If I point to my half-folded Bose Quiet Comfort headphones, it feels certain it’s a pair of sandals. So, it still has a little way to go. But it is actually correct most of the times, especially if the object is “free standing” and is placed in good lighting.
2) Google Photos
You’ve probably already heard of Google’s Picture App — Google Photos — because it has gained quite a lot of popularity (for many good reasons, which I will not go into here).
If you have used this, it is quite clear that Google has a good idea of what is happening in pictures. I have personally imported all my pictures into Google Photos, and if I perform a search for “bicycle” in the app, all the pictures and videos containing a bicycle come up, without naming or describing them in any way.
3) Google Cloud Vision API
The Google Cloud Vision API is probably the most “damning proof” of how much Google understands – because here we get direct insight into what Google can read from different images.
If I upload a picture of two keys (with a house key ring) lying on a wooden table, Google will come back and say that there is:
- 92% probability that the image contains a keychain
- 85% probability that the image contains a key
- 74% probability that the picture contains wood
- 66% probability that the image contains a fashion-accessory.
It must therefore be said to be a fairly accurate assessment of what is in my test picture. If you want, try uploading a photo on cloud.google.com/vision and see how impressive it is in most cases.
Will it be used in this way with regards to SEO?
The very exciting question is whether this relatively modern software is being used when Google reads the content on all the world’s websites – I do not think so, and this is for the following three reasons:
1) It is “too much”
Google must scan an extreme amount of images in the attempt to crawl the entire Internet as quickly as possible. If it were to scan all images to “view the content” then it will slow down its indexing process.
2) It is too imprecise
Although in many cases it works really well, there are still “too many times” where it guesses incorrectly – and although I am quite impressed with their software, I don’t think it’s good enough to be able to influence the rankings.
3) It is not (so) necessary
If the reality was such that many pages were ranked based on “fake images”, they would probably use the server power needed to scan the images. However, there is another part of Google’s algorithm that makes it not so necessary – and that’s the engagement part.
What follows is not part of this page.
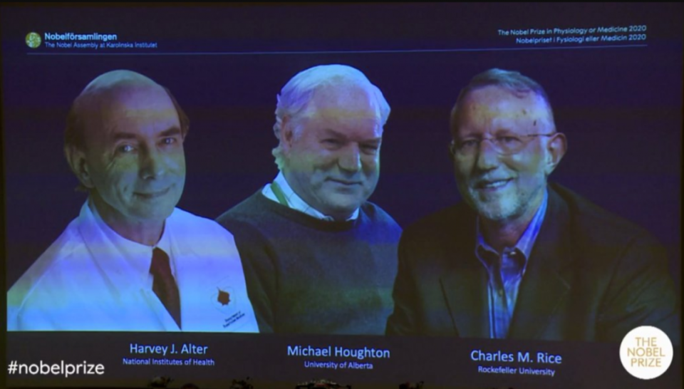 获奖的是3个人是英国的霍顿(Michael Houghton)、美国的赖斯(Charles M. Rice)以及美国的阿尔特(Harvey J. Alter)。获奖的原因是,他们发现了丙型肝炎病毒,让验血和新药物成为可能,从而挽救了数百万人的生命。就是下面三个人。

If you scare all your visitors away with “fake pictures”, you will fall in ranking.
Why is that important?
When I now say that it is not used in terms of SEO, you may well be thinking: “Well, why should I worry about that?” And the answer lies in the headline of the article — because it is about the future.
When it comes to content, things are becoming progressively more visual. Video continues to rush forward and content pages are becoming more and more marked by visual elements rather than large volumes of text.
Therefore, I also believe that we will see a dramatic development in Google’s way of indexing content, because they will have to be able to understand the content of images and videos if they are to continue to deliver equally strong results.
So even though I don’t think it’s being used now (or at least not on a full scale), I think it’s going to happen soon.
How to act accordingly
If you want to (continue) to be successful with your content, you will need to have an even stronger focus over time on how images and videos fit into what you write about. When you build a content page that focuses on a small number of keywords, you need to support this with visual elements of exactly the things you want to get rankings on.
So, in short, I believe that the future of top rankings on Google belongs to those who are learning to use more (and more relevant) visual elements in their content.